Department of Genitourinary Medical Oncology, University of Texas MD Anderson Cancer Center, Houston, Texas.
Department of Pathology, Brigham and Women's Hospital, Harvard Medical School, Boston, Massachusetts.
Clin Cancer Res. 2021 Jan 1;27(1):78-86. doi: 10.1158/1078-0432.CCR-20-2063. Epub 2020 Sep 1.
Patients with advanced renal cell carcinoma with sarcomatoid features (sRCC) have poor prognoses and suboptimal outcomes with targeted therapy. This analysis of the phase III CheckMate 214 trial analyzed the efficacy of nivolumab plus ipilimumab (NIVO+IPI) versus sunitinib in patients with sRCC.

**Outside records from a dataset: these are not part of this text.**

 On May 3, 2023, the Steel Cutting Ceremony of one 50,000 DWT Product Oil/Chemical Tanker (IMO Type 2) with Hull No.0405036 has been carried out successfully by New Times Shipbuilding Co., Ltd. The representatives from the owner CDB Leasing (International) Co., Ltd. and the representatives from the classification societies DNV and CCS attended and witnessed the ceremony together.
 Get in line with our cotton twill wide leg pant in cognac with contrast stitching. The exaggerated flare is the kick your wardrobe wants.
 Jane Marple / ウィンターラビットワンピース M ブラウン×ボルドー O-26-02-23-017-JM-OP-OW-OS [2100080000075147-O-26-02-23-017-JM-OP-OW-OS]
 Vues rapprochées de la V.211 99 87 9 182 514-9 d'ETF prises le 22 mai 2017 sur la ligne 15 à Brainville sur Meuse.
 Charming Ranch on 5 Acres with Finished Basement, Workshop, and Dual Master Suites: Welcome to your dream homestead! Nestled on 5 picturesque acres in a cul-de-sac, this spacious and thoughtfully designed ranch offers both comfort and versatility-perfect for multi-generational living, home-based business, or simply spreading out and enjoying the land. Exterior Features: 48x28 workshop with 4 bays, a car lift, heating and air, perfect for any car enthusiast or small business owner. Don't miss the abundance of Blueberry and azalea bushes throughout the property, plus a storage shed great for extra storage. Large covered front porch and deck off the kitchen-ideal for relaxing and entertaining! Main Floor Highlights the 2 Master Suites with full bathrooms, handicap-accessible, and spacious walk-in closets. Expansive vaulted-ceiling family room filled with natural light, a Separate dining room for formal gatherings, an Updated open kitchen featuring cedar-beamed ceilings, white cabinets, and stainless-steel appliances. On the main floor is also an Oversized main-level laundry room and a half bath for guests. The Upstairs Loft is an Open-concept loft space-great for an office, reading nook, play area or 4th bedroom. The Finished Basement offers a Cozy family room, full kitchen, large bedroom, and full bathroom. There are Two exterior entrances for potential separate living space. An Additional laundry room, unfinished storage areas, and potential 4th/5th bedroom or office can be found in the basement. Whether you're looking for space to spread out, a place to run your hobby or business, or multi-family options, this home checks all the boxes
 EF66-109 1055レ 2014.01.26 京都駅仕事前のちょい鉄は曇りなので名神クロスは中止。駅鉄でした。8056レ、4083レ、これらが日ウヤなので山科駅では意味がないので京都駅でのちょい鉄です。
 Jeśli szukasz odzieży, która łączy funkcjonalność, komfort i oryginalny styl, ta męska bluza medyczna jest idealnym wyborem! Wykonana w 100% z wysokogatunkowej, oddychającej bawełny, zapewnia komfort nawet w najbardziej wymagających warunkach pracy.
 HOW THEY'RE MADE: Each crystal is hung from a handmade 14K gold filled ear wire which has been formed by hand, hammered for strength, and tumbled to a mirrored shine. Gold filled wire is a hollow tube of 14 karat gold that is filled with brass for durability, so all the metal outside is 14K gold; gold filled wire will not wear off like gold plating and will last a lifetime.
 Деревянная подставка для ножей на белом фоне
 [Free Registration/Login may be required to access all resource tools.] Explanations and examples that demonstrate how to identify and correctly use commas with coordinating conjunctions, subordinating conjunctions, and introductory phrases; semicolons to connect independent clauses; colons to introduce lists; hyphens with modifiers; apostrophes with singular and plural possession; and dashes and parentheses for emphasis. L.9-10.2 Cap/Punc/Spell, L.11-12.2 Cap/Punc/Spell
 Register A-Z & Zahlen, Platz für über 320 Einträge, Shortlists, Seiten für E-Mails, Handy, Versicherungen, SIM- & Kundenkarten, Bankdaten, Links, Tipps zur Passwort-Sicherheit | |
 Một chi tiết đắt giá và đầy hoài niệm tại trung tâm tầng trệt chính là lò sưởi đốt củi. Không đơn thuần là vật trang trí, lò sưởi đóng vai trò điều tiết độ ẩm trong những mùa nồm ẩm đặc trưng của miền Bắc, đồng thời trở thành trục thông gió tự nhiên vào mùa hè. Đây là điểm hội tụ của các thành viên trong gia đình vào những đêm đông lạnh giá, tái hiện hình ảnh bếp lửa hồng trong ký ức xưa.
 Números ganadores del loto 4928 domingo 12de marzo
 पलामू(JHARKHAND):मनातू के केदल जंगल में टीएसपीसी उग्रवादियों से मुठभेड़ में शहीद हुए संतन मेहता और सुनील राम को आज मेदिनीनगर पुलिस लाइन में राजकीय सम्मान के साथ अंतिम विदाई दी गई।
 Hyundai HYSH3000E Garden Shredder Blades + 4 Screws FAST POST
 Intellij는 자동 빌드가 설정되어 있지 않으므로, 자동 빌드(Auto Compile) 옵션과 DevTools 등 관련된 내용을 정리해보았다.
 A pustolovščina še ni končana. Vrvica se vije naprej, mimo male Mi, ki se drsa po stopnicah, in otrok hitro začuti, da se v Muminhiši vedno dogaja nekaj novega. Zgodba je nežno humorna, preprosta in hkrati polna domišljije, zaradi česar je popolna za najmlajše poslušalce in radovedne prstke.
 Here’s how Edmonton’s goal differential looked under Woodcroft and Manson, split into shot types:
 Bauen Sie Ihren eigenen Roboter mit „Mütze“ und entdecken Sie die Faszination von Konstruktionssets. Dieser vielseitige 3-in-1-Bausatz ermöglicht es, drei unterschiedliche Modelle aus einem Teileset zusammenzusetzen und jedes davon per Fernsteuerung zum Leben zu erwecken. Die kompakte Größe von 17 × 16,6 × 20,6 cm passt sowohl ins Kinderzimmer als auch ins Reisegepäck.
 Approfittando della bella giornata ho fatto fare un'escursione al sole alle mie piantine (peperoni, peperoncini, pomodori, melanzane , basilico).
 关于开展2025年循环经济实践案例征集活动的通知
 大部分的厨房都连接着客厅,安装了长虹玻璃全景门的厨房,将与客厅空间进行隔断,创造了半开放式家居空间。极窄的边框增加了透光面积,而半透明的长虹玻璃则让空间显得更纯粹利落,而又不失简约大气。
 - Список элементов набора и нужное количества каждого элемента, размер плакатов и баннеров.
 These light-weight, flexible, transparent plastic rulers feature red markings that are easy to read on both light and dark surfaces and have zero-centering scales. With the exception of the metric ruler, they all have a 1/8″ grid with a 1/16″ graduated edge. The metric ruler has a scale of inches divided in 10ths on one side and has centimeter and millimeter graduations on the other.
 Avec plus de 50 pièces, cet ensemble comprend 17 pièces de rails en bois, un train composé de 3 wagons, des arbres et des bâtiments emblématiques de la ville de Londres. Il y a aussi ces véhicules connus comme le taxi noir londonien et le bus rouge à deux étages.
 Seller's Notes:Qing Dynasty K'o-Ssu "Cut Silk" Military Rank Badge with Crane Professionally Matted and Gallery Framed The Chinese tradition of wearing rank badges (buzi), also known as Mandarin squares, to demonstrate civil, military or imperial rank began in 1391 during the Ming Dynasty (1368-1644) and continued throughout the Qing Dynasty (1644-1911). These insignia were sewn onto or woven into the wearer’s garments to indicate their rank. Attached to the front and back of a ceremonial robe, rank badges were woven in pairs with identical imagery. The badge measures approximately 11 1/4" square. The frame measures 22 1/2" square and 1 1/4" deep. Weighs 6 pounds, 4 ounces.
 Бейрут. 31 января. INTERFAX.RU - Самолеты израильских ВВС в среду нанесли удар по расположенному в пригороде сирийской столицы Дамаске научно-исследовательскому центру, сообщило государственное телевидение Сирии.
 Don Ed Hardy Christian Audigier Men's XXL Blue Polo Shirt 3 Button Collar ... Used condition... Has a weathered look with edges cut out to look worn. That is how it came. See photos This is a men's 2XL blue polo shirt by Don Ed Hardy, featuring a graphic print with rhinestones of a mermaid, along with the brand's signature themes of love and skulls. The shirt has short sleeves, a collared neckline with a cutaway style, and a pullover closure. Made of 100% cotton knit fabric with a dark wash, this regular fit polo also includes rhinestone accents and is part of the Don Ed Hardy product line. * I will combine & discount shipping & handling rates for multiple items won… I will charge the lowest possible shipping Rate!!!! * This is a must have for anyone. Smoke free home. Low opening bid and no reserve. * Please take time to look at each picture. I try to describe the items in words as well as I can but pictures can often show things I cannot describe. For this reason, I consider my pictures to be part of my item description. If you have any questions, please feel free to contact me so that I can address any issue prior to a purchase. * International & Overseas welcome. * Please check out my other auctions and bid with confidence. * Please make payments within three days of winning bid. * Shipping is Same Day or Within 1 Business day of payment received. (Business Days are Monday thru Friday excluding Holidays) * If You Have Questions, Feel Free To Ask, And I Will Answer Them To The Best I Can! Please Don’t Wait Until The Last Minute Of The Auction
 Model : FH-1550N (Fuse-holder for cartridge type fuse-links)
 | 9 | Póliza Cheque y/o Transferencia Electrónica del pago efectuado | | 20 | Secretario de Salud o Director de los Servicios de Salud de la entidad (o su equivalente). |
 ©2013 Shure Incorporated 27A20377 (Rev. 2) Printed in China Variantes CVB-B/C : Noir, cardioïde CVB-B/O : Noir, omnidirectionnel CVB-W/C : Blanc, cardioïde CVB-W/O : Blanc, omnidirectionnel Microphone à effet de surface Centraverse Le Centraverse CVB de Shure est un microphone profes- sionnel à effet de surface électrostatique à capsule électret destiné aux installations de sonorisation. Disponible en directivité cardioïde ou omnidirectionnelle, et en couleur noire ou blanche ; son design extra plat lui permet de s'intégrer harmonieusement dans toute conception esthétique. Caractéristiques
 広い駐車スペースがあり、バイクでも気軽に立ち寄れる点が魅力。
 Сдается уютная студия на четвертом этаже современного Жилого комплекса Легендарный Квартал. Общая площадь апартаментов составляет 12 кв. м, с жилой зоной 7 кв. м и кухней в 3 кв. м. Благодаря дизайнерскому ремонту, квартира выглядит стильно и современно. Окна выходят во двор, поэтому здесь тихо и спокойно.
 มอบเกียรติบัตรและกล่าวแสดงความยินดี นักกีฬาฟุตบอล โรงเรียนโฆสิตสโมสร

Patients with sRCC were identified via independent central pathology review of archival tumor tissue or histologic classification per local pathology report. Patients were randomized 1:1 to receive nivolumab (3 mg/kg) plus ipilimumab (1 mg/kg) every 3 weeks (four doses) then nivolumab 3 mg/kg every 2 weeks, or sunitinib 50 mg orally every day (4 weeks; 6-week cycles). Outcomes in patients with sRCC were not prespecified. Endpoints in patients with sRCC and International Metastatic Renal Cell Carcinoma Database Consortium intermediate/poor-risk disease included overall survival (OS), progression-free survival (PFS) per independent radiology review, and objective response rate (ORR) per RECIST v1.1. Safety outcomes used descriptive statistics.
Of 1,096 randomized patients in CheckMate 214, 139 patients with sRCC and intermediate/poor-risk disease and six with favorable-risk disease were identified. With 42 months' minimum follow-up in patients with sRCC and intermediate/poor-risk disease, median OS [95% confidence interval (CI)] favored NIVO+IPI [not reached (NR) (25.2-not estimable [NE]); = 74] versus sunitinib [14.2 months (9.3-22.9); = 65; HR, 0.45 (95% CI, 0.3-0.7; = 0.0004)]; PFS benefits with NIVO+IPI were similarly observed [median 26.5 vs. 5.1 months; HR, 0.54 (95% CI, 0.33-0.86; = 0.0093)]. Confirmed ORR was 60.8% with NIVO+IPI versus 23.1% with sunitinib, with complete response rates of 18.9% versus 3.1%, respectively. No new safety signals emerged.
NIVO+IPI showed unprecedented long-term survival, response, and complete response benefits versus sunitinib in previously untreated patients with sRCC and intermediate/poor-risk disease, supporting the use of first-line NIVO+IPI for this population..
具有肉瘤样特征的晚期肾细胞癌(sRCC)患者采用靶向治疗预后较差,结局不佳。这项 III 期 CheckMate 214 试验分析了纳武利尤单抗联合伊匹单抗(NIVO+IPI)与舒尼替尼治疗 sRCC 患者的疗效。
通过对存档肿瘤组织进行独立中心病理复查或根据当地病理报告进行组织学分类,鉴定 sRCC 患者。患者按 1:1 比例随机分配,接受纳武利尤单抗(3 mg/kg)联合伊匹单抗(1 mg/kg)每 3 周(4 个剂量),然后每 2 周接受纳武利尤单抗 3 mg/kg,或舒尼替尼 50 mg 每日口服(4 周;6 周周期)。sRCC 患者的结局未预先设定。sRCC 患者和国际转移性肾细胞癌数据库联盟中中/高危疾病患者的结局包括总生存期(OS)、独立影像学评估的无进展生存期(PFS)和按 RECIST v1.1 评估的客观缓解率(ORR)。安全性结局采用描述性统计方法。
在 CheckMate 214 中随机分配的 1096 例患者中,鉴定出 139 例 sRCC 患者伴中/高危疾病和 6 例伴低危疾病。在 sRCC 和中/高危疾病患者中,中位随访时间至少为 42 个月,OS (95%CI)倾向于 NIVO+IPI [未达到(NR)(25.2-无法评估[NE]); = 74],而非舒尼替尼 [14.2 个月(9.3-22.9); = 65;HR,0.45(95%CI,0.3-0.7; = 0.0004)];NIVO+IPI 也观察到 PFS 获益 [中位 26.5 与 5.1 个月;HR,0.54(95%CI,0.33-0.86; = 0.0093)]。NIVO+IPI 的确认 ORR 为 60.8%,而舒尼替尼为 23.1%,完全缓解率分别为 18.9%和 3.1%。未出现新的安全性信号。
在未接受治疗的 sRCC 伴中/高危疾病患者中,与舒尼替尼相比,NIVO+IPI 显示出前所未有的长期生存、应答和完全缓解获益,支持将一线治疗方案用于该人群。